Authors: Bo Young Choi 1, Jin Hee Kim 1, In Yeol Kim 1, Bo Eun Lee 1, Song Hee Lee 1, Ara Kho 1, Min Sohn 2, Sang Won Suh 1,*
Affiliation: 1Department of Physiology, Hallym University, College of Medicine, Chuncheon, Korea
2Inha University, Department of Nursing, Incheon, Korea
Abstract: Neurogenesis occurs in the subgranular zone (SGZ) of the hippocampal dentate gyrus (DG) throughout life. The highest amount of vesicular zinc is present in the mossy fiber terminals of the DG cells. Therefore, our recent studies have investigated the hypothesis that hippocampal vesicular zinc is an essential element for modulating adult neurogenesis.
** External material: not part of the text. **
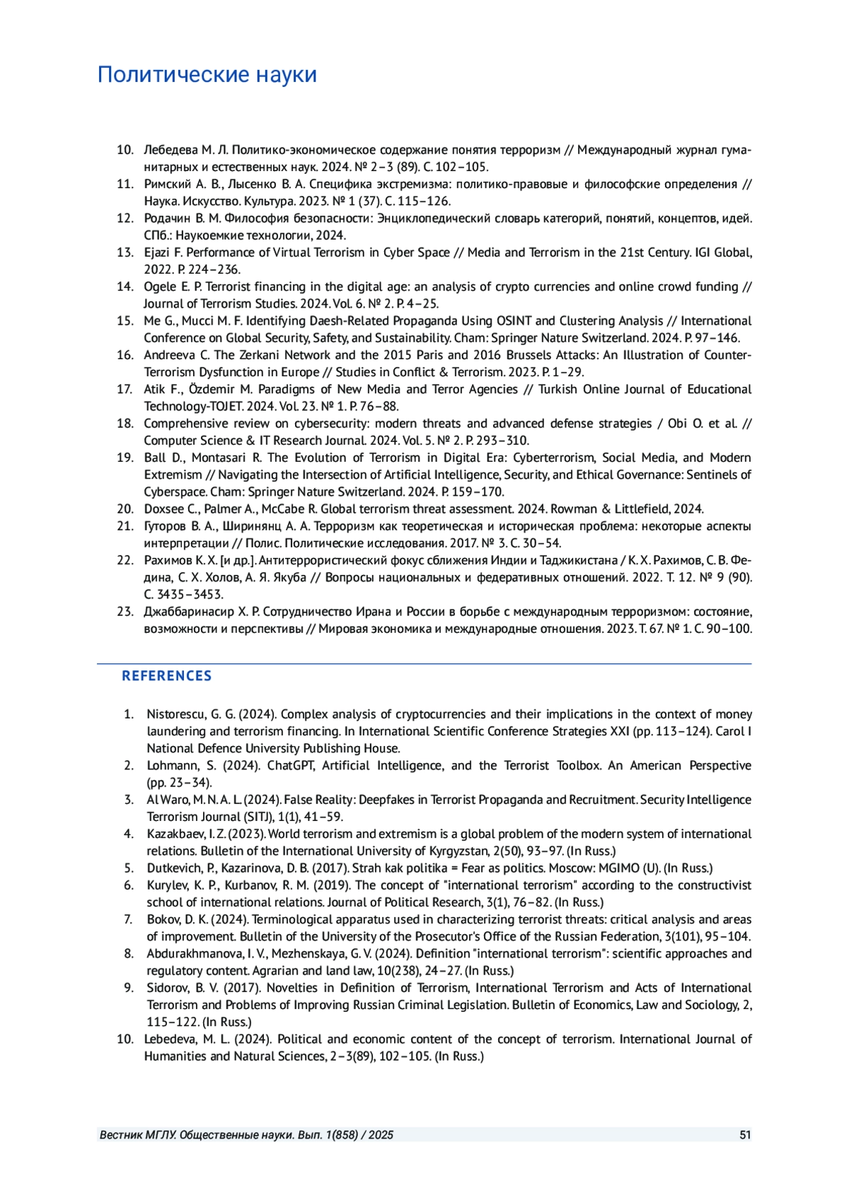 10. Лебедева М. Л. Политико-экономическое содержание понятия терроризм // Международный журнал гуманитарных и естественных наук. 2024. № 2-3 (89). С. 102-105. EDN: WZFKFA

Using a zinc chelator, we demonstrated that a possible correlation between synaptic zinc localization and high rates of neurogenesis in the hippocampus after several brain insults including epilepsy, hypoglycemia or traumatic brain injury (TBI). In the present study, to further evaluate our hypothesis that vesicular zinc is important in TBI-induced neurogenesis, we used zinc transporter 3 (ZnT3) gene deletion mice. ZnT3 is localized in the vesicular membrane and sequester zinc into synaptic vesicle. Thus, ZnT3 gene deletion mice (ZnT3-/-) showed devoid vesicular zinc in the hippocampus. ZnT3 gene deletion mice was subjected to a weight drop rodent model which mimics human TBI. BrdU (50mg/kg) was intraperitoneally injected twice per day for 4 consecutive days starting 3 days after the TBI. Incorporation of the thymidine analog BrdU was used to mark dividing progenitor cells. DCX immunostaining was used to evaluate their differentiation into neuroblasts. Neurogenesis was examined by BrdU, Ki67 and doublecortin (DCX) immunostaining 1 week after TBI. In the wild type (WT) mice, the number of BrdU, Ki67 and DCX immunopositive cells was significantly increased at 1 week after TBI. However, the number of BrdU, Ki67 and DCX immunopositive cells after TBI was significantly reduced in ZnT3-/- mice compared to WT mice. The present study suggests that ZnT3 and vesicular zinc are important to stimulate proliferation and differentiation of neural progenitor cells in the adult hippocampus after traumatic brain insult.